# The Simpsons Movie



## Ron Burgundy (25 Jul 2007)

Well i say it today and as a simpsons fan i wasn't really impressed. Waited a long time for this and have to say it honestly was a let down. Didn't think it, but most of the laughs were in the trailer........

I think its time to let it die and stop flogging the dead horse


----------



## Ron Burgundy (25 Jul 2007)

Just thinking, should this be in letting off steam or shooting the breeze


----------



## ClubMan (25 Jul 2007)

Ron Burgundy said:


> Just thinking, should this be in letting off steam or shooting the breeze


Doh!


----------



## elefantfresh (26 Jul 2007)

Thats a shame - i'm dying to see it - was it really all that bad? Did you see it in a cinema - were others laughing? Darn it!! So looking forward to it.


----------



## Firefly (26 Jul 2007)

ClubMan said:


> Doh!


----------



## CCOVICH (26 Jul 2007)

Most of the funniest bits are in the ads/previews alright.
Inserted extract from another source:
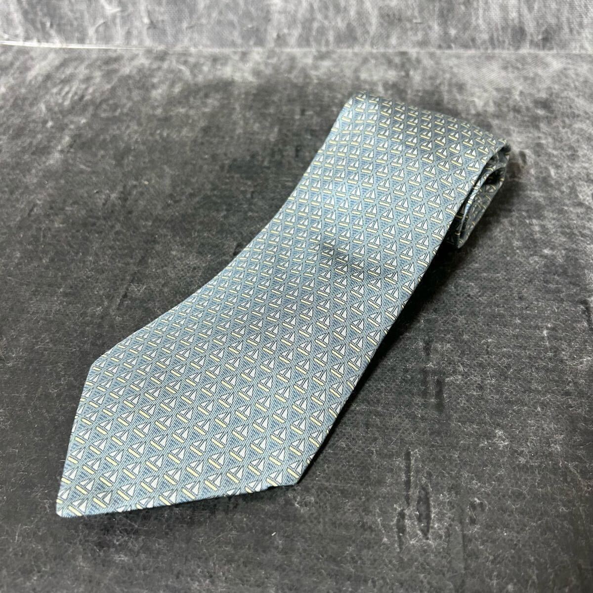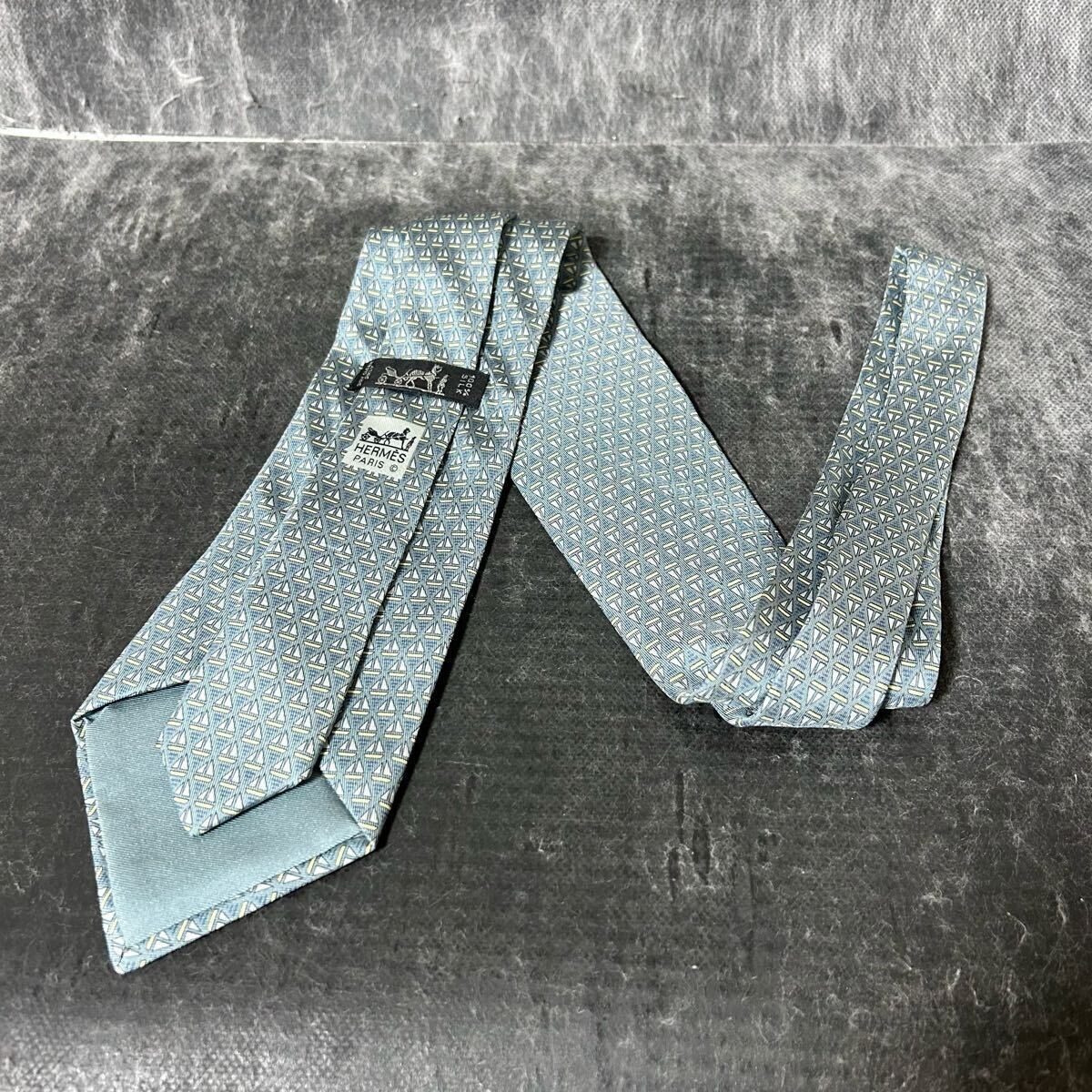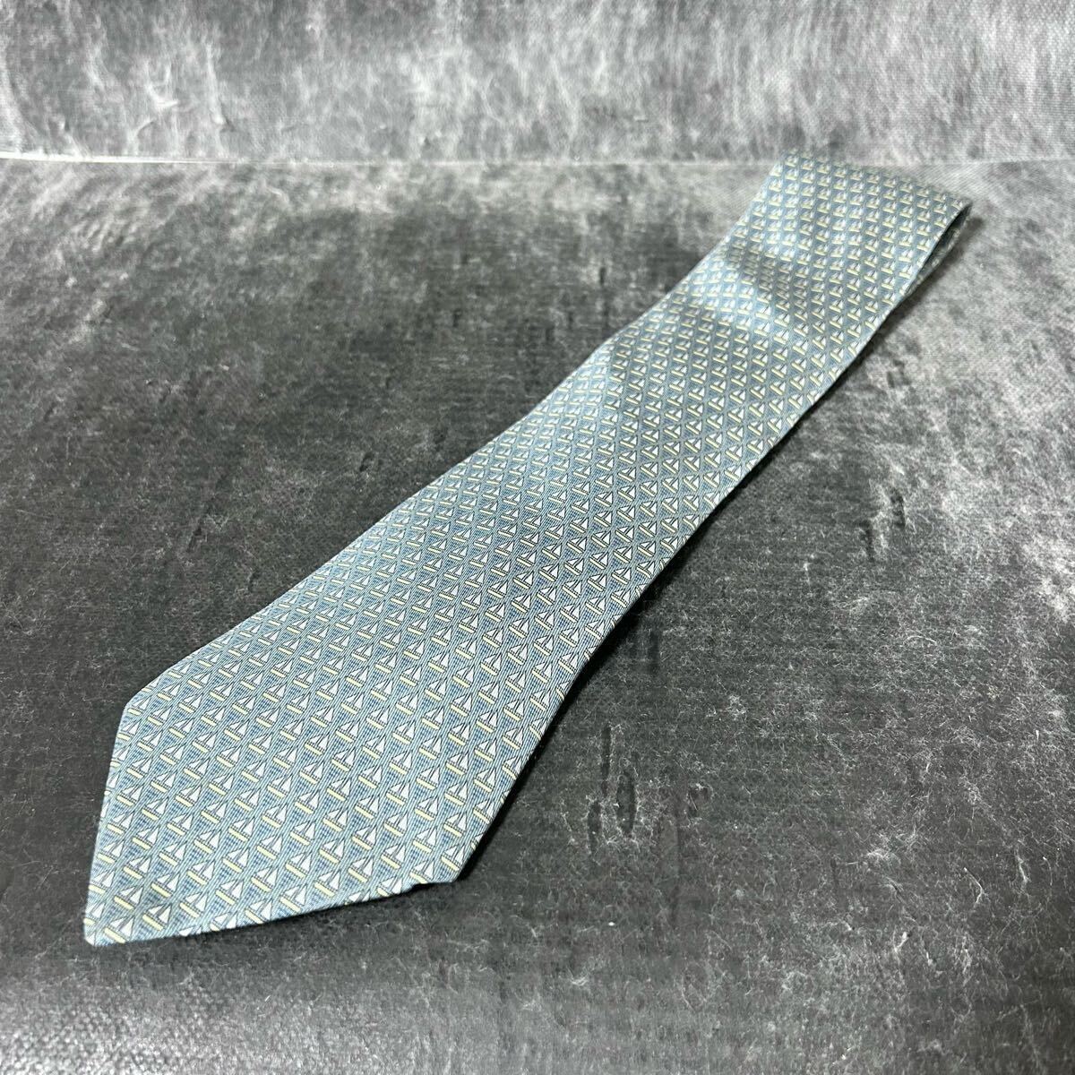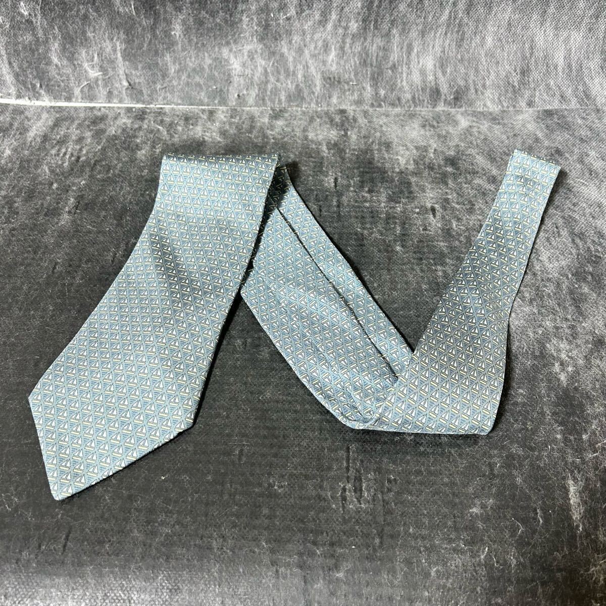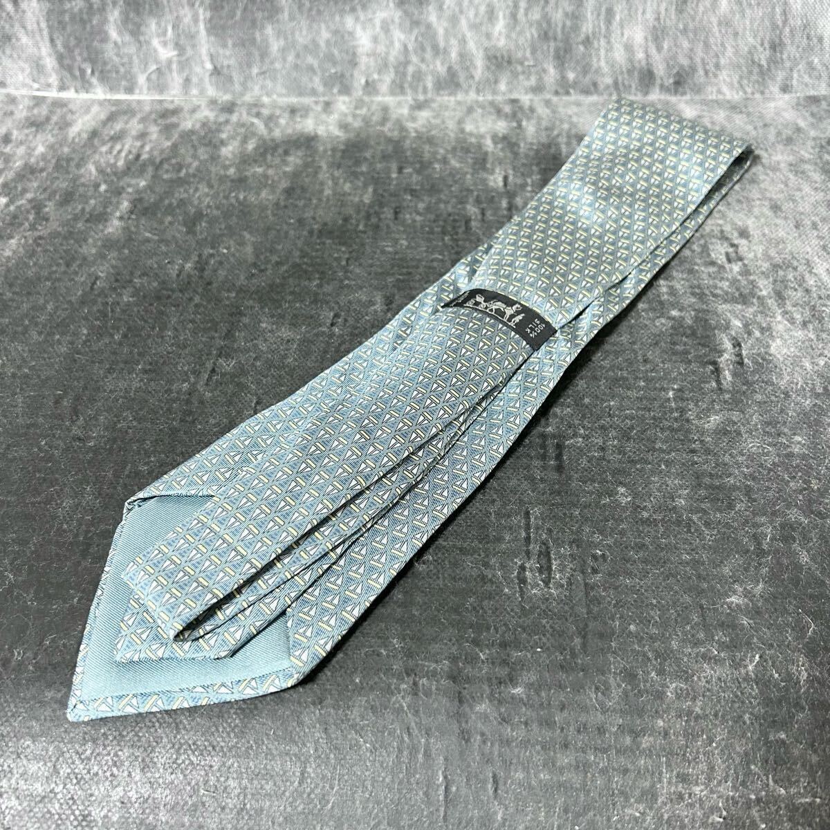 HERMES エルメス  ネクタイ 総柄  シルク100 幾何学模様 青緑 *AU

Have to agree with the guy on Today FM this evening (involved in Pet Sounds in some way)-the first 8/9 series are definitely the best-I don't think much of a lot of the newer episodes.

Plenty of people laughing and not 'bad', but you're not missing out by waiting for the DVD (or TV etc.)


----------



## Cahir (27 Jul 2007)

It got great reviews yesterday on most of the radio stations but I'm still not 3expecting much.  I'll go to see it anyway.


----------



## delboy159 (27 Jul 2007)

I went to the movie with the not expecting much frame of mind and really enjoyed it... It doesn't "go to another level" or anything but is as good if not a bit better than a tv episode except there were more plots and gags due to the extra length..


----------



## KalEl (27 Jul 2007)

They had one of the producers on Today FM last night and they asked him to name his favourite episode...he said the one where Bart sells his soul.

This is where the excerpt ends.